Note that this involves an inline view, which means there's going to be a pass over all the data in the table to create a "derived tabled". Then, the outer query will run against the derived table. So, this is essentially two passes over the data.

This query can be tweaked a bit to improve performance, by eliminating the duplicated value of the patient_id column returned by the inline view. But I show it as above, so we can better understand what is happening.

This approach can be rather expensive on large sets, but is generally MUCH more efficient than some of the other approaches.

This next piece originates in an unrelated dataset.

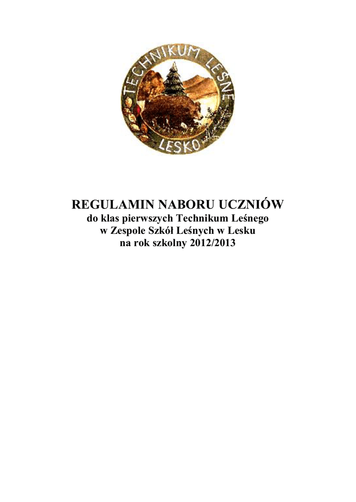 REGULAMIN NABORU UCZNIÓW do klas pierwszych Technikum Leśnego w Zespole Szkół Leśnych w Lesku na rok szkolny 2012/2013 Podstawa prawna: Ustawa z dnia 19 sierpnia 2011r. o zmianie ustawy o systemie oświaty oraz niektórych innych ustaw (Dz. U. Nr.205 z 2011r., poz.1206); Rozporządzenie Ministra Edukacji Narodowej i Sportu z dnia 20 lutego 2004r. w sprawie warunków i trybu przyjmowania uczniów do publicznych przedszkoli i szkół oraz przechodzenia z jednych typów szkół do innych (Dz. U. Nr 26 z 2004r., poz.232); Rozporządzenie Ministra Edukacji Narodowej z dnia 28 maja 2010r. w sprawie świadectw, dyplomów państwowych i innych druków szkolnych (Dz. U. Nr 97 z 2010r. poz. 624); Zarządzenie Nr 1/2012 Podkarpackiego Kuratora Oświaty z dnia 10 lutego 2012 r. w sprawie terminów rekrutacji do szkół na rok szkolny 2012/2013, sposobu przeliczania na punkty ocen, wyników egzaminów i innych osiągnięć uczniów. § 1. Postanowienia ogólne Warunkiem ubiegania się o przyjęcie do klas pierwszych 4 –letniego Technikum Leśnego dla młodzieży kształcącego w zawodzie technik leśnik w Zespole Szkół Leśnych w Lesku w roku szkolnym 2012/2013 jest: ukończenie gimnazjum publicznego lub niepublicznego z uprawnieniami szkoły publicznej lub szkoły za granicą równorzędnej polskiemu publicznemu gimnazjum; złożenie kompletu wymaganych przez szkołę dokumentów oraz brak przeciwwskazań zdrowotnych do nauki w zawodzie technik leśnik. § 2. Wymagane dokumenty Dokumenty obowiązujące kandydata ubiegającego się o przyjęcie do Technikum Leśnego w roku szkolnym 2012/2013 można składać bezpośrednio w sekretariacie Zespołu Szkół Leśnych w Lesku w terminie od 21 maja 2012r. do 22 czerwca 2012r. do godz. 15.00. (Uwaga! Kandydaci z gimnazjów objętych scentralizowanym- elektronicznym systemem naboru do szkół ponadgimnazjalnych składają podanie tylko do szkoły pierwszego wyboru). Kandydat ubiegający się o przyjęcie do technikum winien złożyć następujące dokumenty: 1. kwestionariusz osobowy wygenerowany w systemie VULCAN na stronie internetowej https://podkarpacie.edu.com.pl/Kandydat 2. ewentualne orzeczenie poradni psychologiczno-pedagogicznej, 3. kartę badania rozwoju i zdrowia ucznia kl. III gimnazjum, 4. 3 fotografie, 5. świadectwo ukończenia gimnazjum, 6. zaświadczenie o szczegółowych wynikach egzaminu gimnazjalnego, 7. zaświadczenie o braku przeciwwskazań do podjęcia nauki w zawodzie technika leśnika wydane przez lekarza medycyny pracy na podstawie skierowania na badania wystawionego przez Zespół Szkół Leśnych w Lesku, § 3. Kryteria przyjęcia kandydatów Kandydat ubiegający się o przyjęcie do klasy pierwszej Technikum Leśnego może otrzymać w postępowaniu rekrutacyjno-kwalifikacyjnym maksymalnie 200 punktów, w tym: a) za wyniki egzaminu przeprowadzanego w ostatnim roku nauki w gimnazjum 100 pkt b) za oceny z j. polskiego i trzech wybranych przedmiotów oraz inne osiągnięcia 100 pkt Z egzaminu gimnazjalnego wyniki procentowe, uzyskane z egzaminu przeliczane są na punkty w następujący sposób: 1% = 1punkt. Maksymalna liczba punktów z całego egzaminu wynosi 500 tj. po 100 punktów za każdy zakres i za egzamin z języka obcego na poziomie podstawowym. Wynik jest równy liczbie punktów procentowych uzyskanych z egzaminu podzielonych przez 5 po zaokrągleniu do liczby całkowitej. Z ocen z języka polskiego oraz trzech obowiązkowych zajęć edukacyjnych (matematyka, biologia, język angielski) na świadectwie ukończenia gimnazjum: a) celujący 20 punktów, b) bardzo dobry 16 punktów, c) dobry 12 punktów, d) dostateczny 8 punktów. Za inne osiągnięcia odnotowane na świadectwie ukończenia gimnazjum kandydat może uzyskać łącznie, co najwyżej 20 punktów za: a) ukończenie gimnazjum z wyróżnieniem (6 punktów), b) uzyskanie tytułu finalisty konkursów organizowanych przez kuratora oświaty: (5 punktów), za uzyskanie więcej niż jednego tytułu finalisty: (8 punktów). c) uzyskanie wysokiego miejsca - nagrodzonego lub określonego zwycięskim tytułem w zawodach: wiedzy, artystycznych lub sportowych, organizowanych co najmniej na szczeblu powiatowym przez inne podmioty działające na terenie szkół (do 3 punktów), I miejsce (tytuł laureata): (3 punkty), II miejsce (tytuł finalisty): (2 punkty), III miejsce (wyróżnienie): (1 punkt.). d) stała aktywność na rzecz innych ludzi lub środowiska szkolnego (do 3 punktów). W wyniku rekrutacji można uzyskać nie więcej niż 200 punktów Podkarpacki Kurator Oświaty organizuje dla uczniów gimnazjów konkursy przedmiotowe: a) polonistyczny, b) historyczny, c) chemiczny, d) biologiczny, e) geograficzny, f) g) h) i) j) k) l) m) matematyczny, informatyczny, fizyczny, języka angielskiego, języka niemieckiego. interdyscyplinarny konkurs z matematyki, fizyki, chemii, informatyki „Sapere Aude”, historyczny „Drogi Polaków do Niepodległości w latach 1795- 1989”, prac modelowo- konstrukcyjnych. Tytuł finalisty konkursu organizowanego przez Podkarpackiego Kuratora Oświaty potwierdzony jest stosownym zaświadczeniem wydanym przez Kuratora. §4 Kryteria w sytuacjach uzyskania wyników ex-aequo podczas postępowania kwalifikacyjnego Pierwszeństwo przyjęć: 1. sieroty, osoby przebywające w placówkach opiekuńczo-wychowawczych oraz osoby umieszczone w rodzinach zastępczych (zgodnie z dz. u. 2004 nr 26 poz 232 par. 10 pkt. 1 z późniejszymi zmianami); 2. kandydaci o ukierunkowanych i udokumentowanych zdolnościach, którym ustalono indywidualny program lub tok nauki (zgodnie z dz. u. 2004 nr 26 poz 232 par. 10 pkt. 2 z późniejszymi zmianami); 3. ocena zachowania; 4. procentowy wynik sumaryczny z egzaminu gimnazjalnego; 5. średnia punktowa z przedmiotów obowiązkowych. §5 Zespół Szkół Leśnych w Lesku nie określa progu punktowego uprawniającego do ubiegania się o przyjęcie do klasy pierwszej technikum. W pierwszej kolejności przyjmowani są u

Note also that this query will return a row for a patient_id if there is only one id value exists for that patient; it does not restrict the return to just those patients that have at least two rows.

---

It's also possible to get an equivalent resultset with a correlated subquery:

SELECT t.id
     , t.patient_id
     , t.visit_id
     , t.patient_result
  FROM tbl_patients t
 WHERE ( SELECT COUNT(1) AS cnt
           FROM tbl_patients p
          WHERE p.patient_id = t.patient_id
            AND p.id >= t.id
       ) <= 2
 ORDER BY t.patient_id ASC, t.id ASC

Note that this is making use of a "dependent subquery", which basically means that for each row returned from t, MySQL is effectively running another query against the database. So, this will tend to be very expensive (in terms of elapsed time) on large sets.

---

As another approach, if there are relatively few id values for each patient, you might be able to get by with an inequality join:

SELECT t.id
     , t.patient_id
     , t.visit_id
     , t.patient_result
  FROM tbl_patients t
  LEFT
  JOIN tbl_patients p
    ON p.patient_id = t.patient_id 
   AND t.id < p.id
 GROUP
    BY t.id
     , t.patient_id
     , t.visit_id
     , t.patient_result
HAVING COUNT(1) <= 2

Note that this will create a nearly Cartesian product for each patient. For a limited number of id values for each patient, this won't be too bad. But if a patient has hundreds of id values, the intermediate result can be huge, on the order of (O)n**2.

Answer 2

Your first query doesn't get the last visits, since it gives results 5 and 6 instead of 2 and 9. You can try this query:

SELECT patient_ID,visit_ID,patient_result
FROM tbl_patient
where id in (
    select max(id) 
    from tbl_patient
    GROUP BY patient_ID)
union
SELECT patient_ID,visit_ID,patient_result
FROM tbl_patient
where id in (
    select max(id) 
    from tbl_patient
    where id not in (
        select max(id) 
        from tbl_patient
        GROUP BY patient_ID)
    GROUP BY patient_ID)
order by 1,2

Answer 3

select p1.patient_id, p2.maxid id1, max(p1.id) id2
from tbl_patient p1
join (select patient_id, max(id) maxid
      from tbl_patient
      group by patient_id) p2
on p1.patient_id = p2.patient_id and p1.id < p2.maxid
group by p1.patient_id

id11 is the ID of the last visit, id2 is the ID of the 2nd to last visit.

Answer 4

Try this..

SELECT id, patient_result FROM tbl_patient AS tp WHERE id < ((SELECT MAX(id) FROM tbl_patient AS tp_max WHERE tp_max.patient_ID = tp.patient_ID)  - 1) GROUP BY patient_ID

Answer 5

SELECT id, patient_result FROM `tbl_patient` t1
JOIN (SELECT MAX(id) as max, patient_ID FROM `tbl_patient` GROUP BY `patient_ID`) t2 
      ON t1.patient_ID = t2.patient_ID
WHERE id <max GROUP BY t1.`patient_ID`

Answer 6

Why not use simply...

GROUP BY `patient_ID` DESC LIMIT 2

... and do the rest in the next step?